Not to judge pride that leads astray is to sin, and so it is a sin to judge and a sin not
to judge. It all depends on the issue whether it is right or wrong. If I know a con man
is ripping off people by his false plan of investing I have an obligation to not only
judge him, but to share that judgment with others to save them for his evil scheme.
Jesus blasted the system in the temple of ripping people off, and he blasted the
Pharisees for their robbing of poor widows. It is an obligation to save people from the
forces of evil when we have the facts that show it is evil we are fighting.

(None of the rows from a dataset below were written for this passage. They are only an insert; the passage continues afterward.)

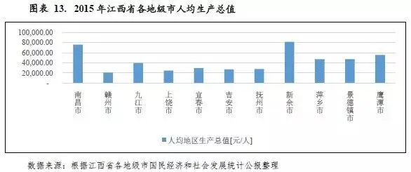 2015年江西省人均生产总值为4.33万元,各地市人均生产总值数额分布较分散。其中新余市作为江西省的新兴工业城市,由于其工业化程度高、常住人口少,同期人均生产总值为8.14万元,居各地市首位;南昌市作为江西省的省会城市,当年人均生产总值为7.59万元,位居各地市第二。同期宜春市、抚州市、吉安市、上饶市和赣州市人均生产总值均低于3万元,分别为2.95万元、2.77万元、2.71万元、2.46万元和2.05万元。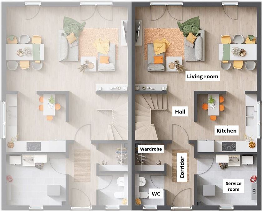 Here you can live and feel comfortable - in the Duett 125 semi detached house there is nothing missing! An open, bright living and dining area is the center of the house. The family meets here to have breakfast together or for cozy TV evenings. The spacious kitchen also has a small dining area from which you can watch while cooking. A highlight is the separate cloakroom area, which ensures order in the corridor.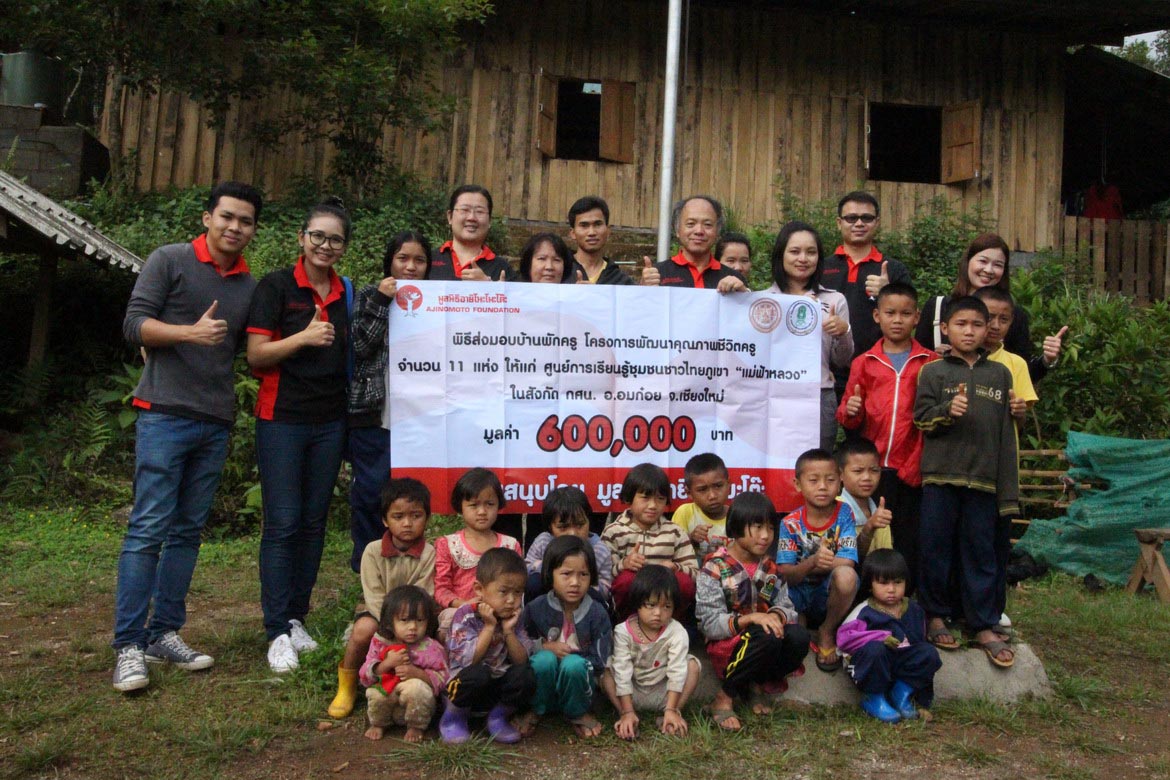 มูลนิธิอายิโนะโมะโต๊ะ ได้ร่วมกับ มหาวิทยาลัยเทคโนโลยีพระจอมเกล้าธนบุรี (มจธ.) ในการจัดทำโครงการ “พัฒนาคุณภาพชีวิตครู” และมอบเงินสนับสนุนการก่อสร้างบ้านพักครู เมื่อวันที่ 17 เมษายน 2557 ซึ่งการก่อสร้างได้เสร็จสิ้นเรียบร้อยแล้ว มูลนิธิฯ นำทีมโดย สุรเดช เธียไพรัตน์ ผู้แทนกรรมการมูลนิธิอายิโนะโมะโต๊ะ และกรรมการ บริษัท อายิโนะโมะโต๊ะ (ประเทศไทย) จำกัด พร้อมทีมงานมูลนิธิฯ และ ผ่องศรี กติกาโชคสกุล ผู้แทนจาก มจธ. เดินทางไปส่งมอบอาคารบ้านพักครู ณ ศูนย์การเรียนรู้ชุมชนชาวไทยภูเขา “แม่ฟ้าหลวง” บ้านห้วยแห้ง อ.อมก๋อย จ.เชียงใหม่ เพื่อส่งมอบบ้านพักครูจำนวน 11 แห่ง มูลค่ารวม 600,000 บาท รับมอบอาคารโดย เจริญ ธรรมบัณฑิต ผู้อำนวยการกศน. อมก๋อย เมื่อวันที่ 25 พฤษภาคม 2558 พิธีส่งมอบเป็นไปอย่างเรียบง่าย อบอุ่นและประทับใจในการต้อนรับของครู นักเรียนและชาวบ้านในชุมชน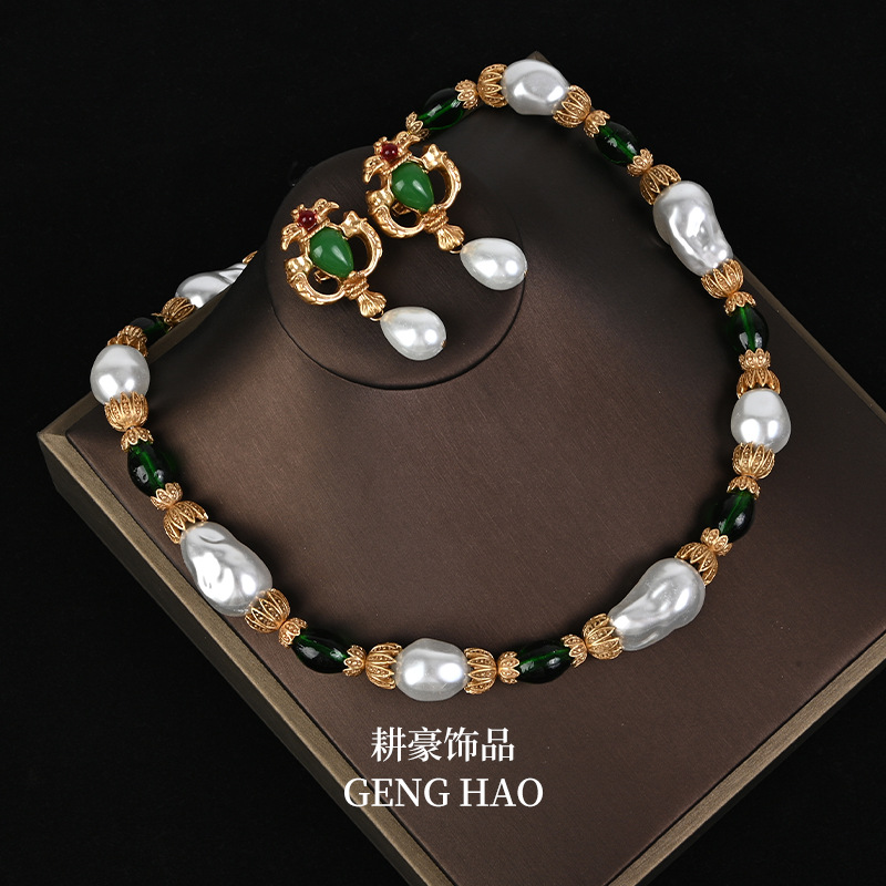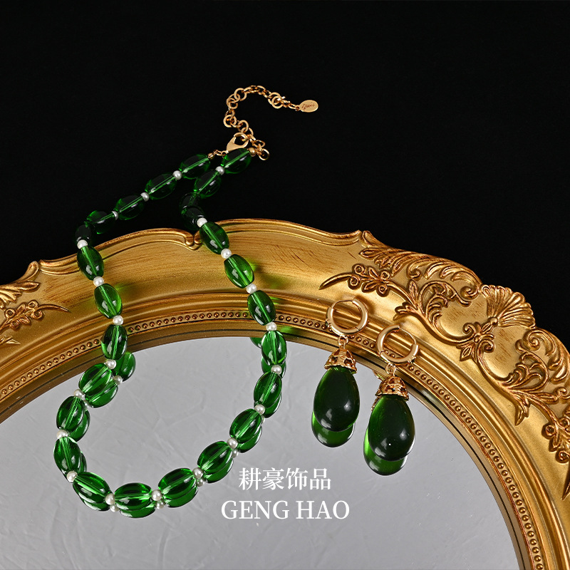 Retro New Chinese Elegant Elegant Green Glaze White Czech Diamond Mix National Style Necklace Earrings suit

A false prophet is not one who has some mistaken interpretation of the Bible, for
there has to be many such in every denomination. Christians are divided on how they
interpret many things in the Bible. They are not false prophets to each other, but just
have a different perspective. Pretrib, midtrib, and posttrib are all Christians, but they
see things different. They can’t all be right, and so two of the three are wrong, but
they are not false prophets for there is not enough evidence to prove which of the
three is correct. It is an open question to be debated, and people will come out in
different places. It is not an issue vital to salvation and so their is no false prophet
label added to them. People can be wrong about a lot of things and still be Christians
if they never lose their foundation in Christ. He is the Rock on which they build, and
if so, they will not fall. Cults have this is common that they feel they are the only true
people of God, and all others fall short.
We are constantly judging for we do not like the way ideas are presented all the
time by anyone. We do with them like we do with food. We buy a dozen ears of corn
and throw the outside away, and after we eat the corn we throw the cob away. We
do not swallow it all, and so it is with ideas presented even in church. Their is
subjectivity going on all the time, and we take what fits us and our life and we
discard the rest. We are making judgments all the time as to what fits us.